Brain Tumor Center: Mouse Models of Human Cancer Consortiums

U01: PI3K Signaling and Biology of Therapeutic Response in Brain and Prostate Tumors

Investigators

Eric Holland, MD, PhD
Charles Sawyers, MD
Cameron Brennan, MD
Ingo Mellinghoff, MD
Brett Carver, MD
Jason Huse, MD, PhD

This grant project involves the use of genetically engineered mouse models (GEMMs) for understanding cancer biology for preclinical testing leading to human trials. It investigates the biology of therapeutic response in solid tumors with particular interest in the PI3K pathway and cells that are resistant to standard-of-care treatments. It compares and contrasts three tumor types in which the PI3K pathway contributes to oncogenesis and therapeutic resistance, namely medulloblastoma, glioma, and prostate cancer.

In the first part of the project, several drug combinations are being compared to determine optimal strategies for complete blockade of this signaling pathway in medulloblastoma, glioma, and prostate tumors in vivo. The second part investigates the character of cells that survive radiation in the case of the brain tumors and androgen depletion in the case of prostate cancer, and determines what role PI3K might play in their stemlike and resistant properties.
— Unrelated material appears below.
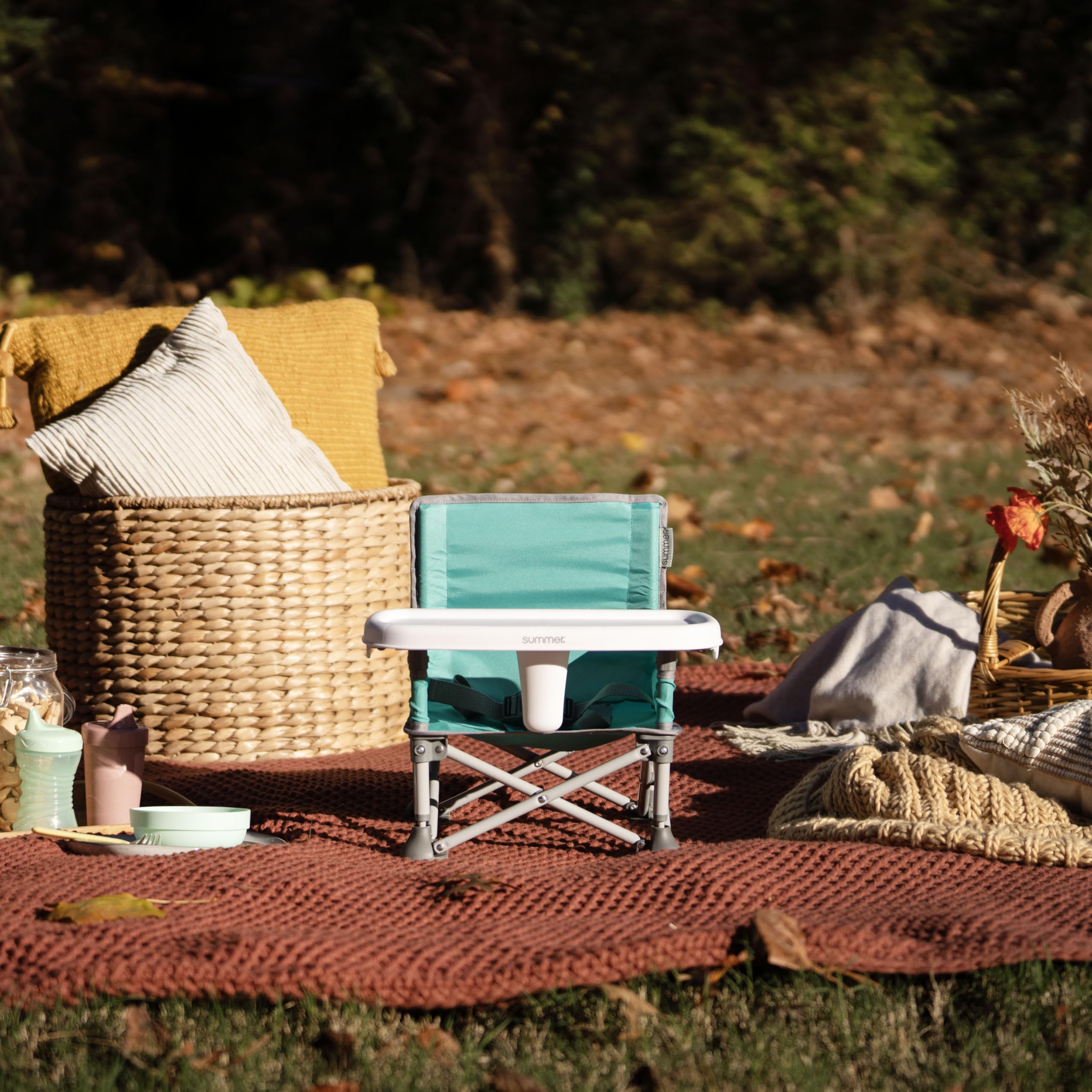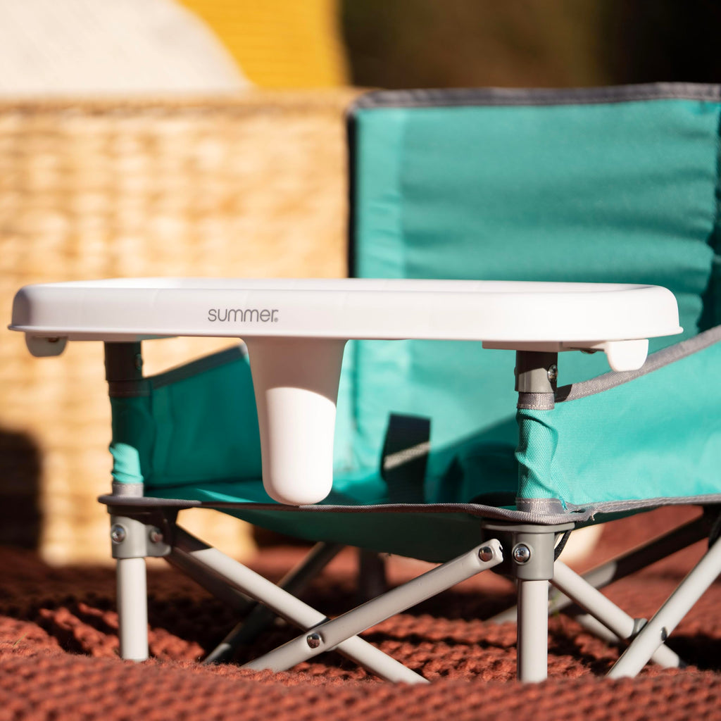 Details: The original Summer Pop 'N Sit Portable Booster is the ultimate go & grow seat, with over 2 million sold worldwide! This #1 Booster Seat* has 3 modes of use: floor seat, feeding seat with removable tray, and toddler booster. For babies, attach to an adult chair using the included straps and BPA free tray to create a portable chair top high chair. For toddlers, use the seat as a booster that can pull up to the table by removing the tray. In floor mode, you can use the Pop ‘N Sit whenever you need an extra seat - picnics, sporting events, or right at home! The rear storage pocket holds your daily essentials. Folds compactly when not in use and includes a carrying bag with shoulder strap. This seat is a new parent must-have that requires no tools for assembly. Dishwasher safe tray. Seat and straps wipe clean with a damp cloth and mild soap. Folded dimensions: 15 x 13.5 x 14.75” or 5 x 15”. Made for 6 months to 3 years old or up to 37 pounds. Third party safety tested and approved. (*Circana, Retail Tracking Service, U.S., Highchairs-Boosters, dollar sales, Jan-Nov 2023 combined)

Finally, the mouse models will be used to identify gene expression pathways as biomarkers for therapeutic response that could then be taken from the mouse into human trials. The comparison between these tumor types is expected to be cross-informative and potentially to help identify fundamental aspects of solid tumor biology that have therapeutic implications.
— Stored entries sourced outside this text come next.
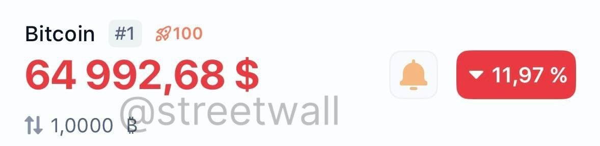Биткоин продолжает падение — за день крипта потеряла уже 11%.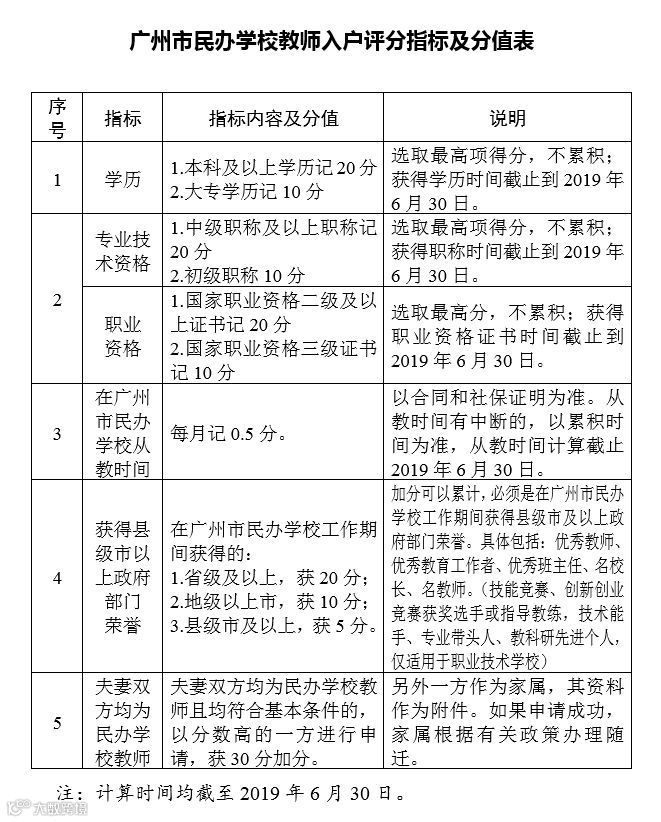 (一)建立广州市民办学校教师入户评分指标体系,对申请入户的民办学校教师的条件进行指标量化,并对每项指标赋予一定分值(详见附件)。申请人只需符合申请入户的准入基本条件即可提出入户申请。根据申请人评分排序情况,按程序获得入户指标后,准予办理入户手续。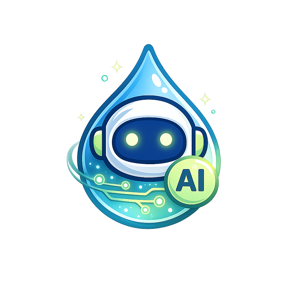 A vibrant logo featuring a water drop with a friendly robot face and circuitry patterns, symbolizing artificial intelligence and innovation.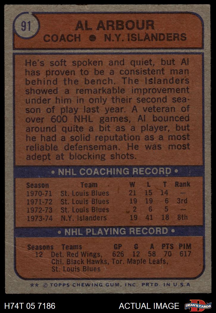 1974 Topps #91 Al Arbour 4 - VG/EX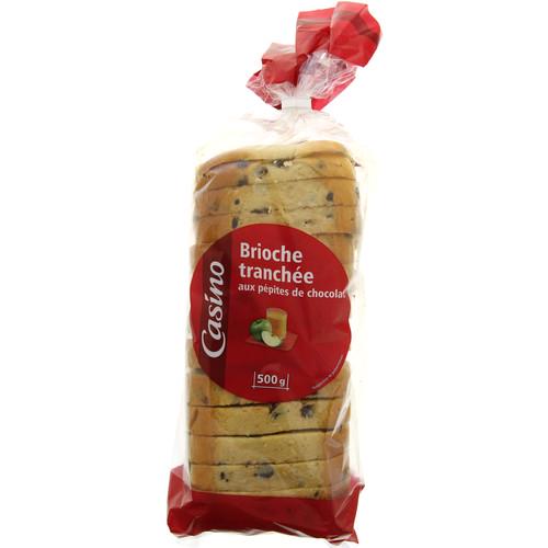Brioche tranchée aux pépites de chocolat.Ingrédients : Farine de _blé_ - pépites de chocolat 10% [sucre - pâte de cacao - beurre de cacao -...

U01: Using Mouse Models to Probe the Relationship of Oncogenesis to Development

Investigators

Eric Holland, MD, PhD
Hans Guido-Wendel, MD
Yi-Chieh Nancy Du, PhD

This grant was awarded for the investigation of parallels between the development and response of tumors to oncogenes and therapies in three different tumor types, including glioma.

In one project, the response of B cell lymphoma to therapy and mechanisms of resistance is being investigated as a function of the tumor genotype. In a second project, the effect of oncogenic signaling from the polyoma virus middle T antigen (that activates many of the same pathways as seen in glioblastoma multiforme) is being investigated in various cells of the pancreas in the development of pancreatic cancer.

The third project investigates the effects of radiation on the various cell types of gliomas. In addition, the mechanisms of resistance to radiation and the cells that survive radiation are being characterized. Our hope is that we will be able to improve the response to radiation for at least some molecular subsets of glioblastoma multiforme.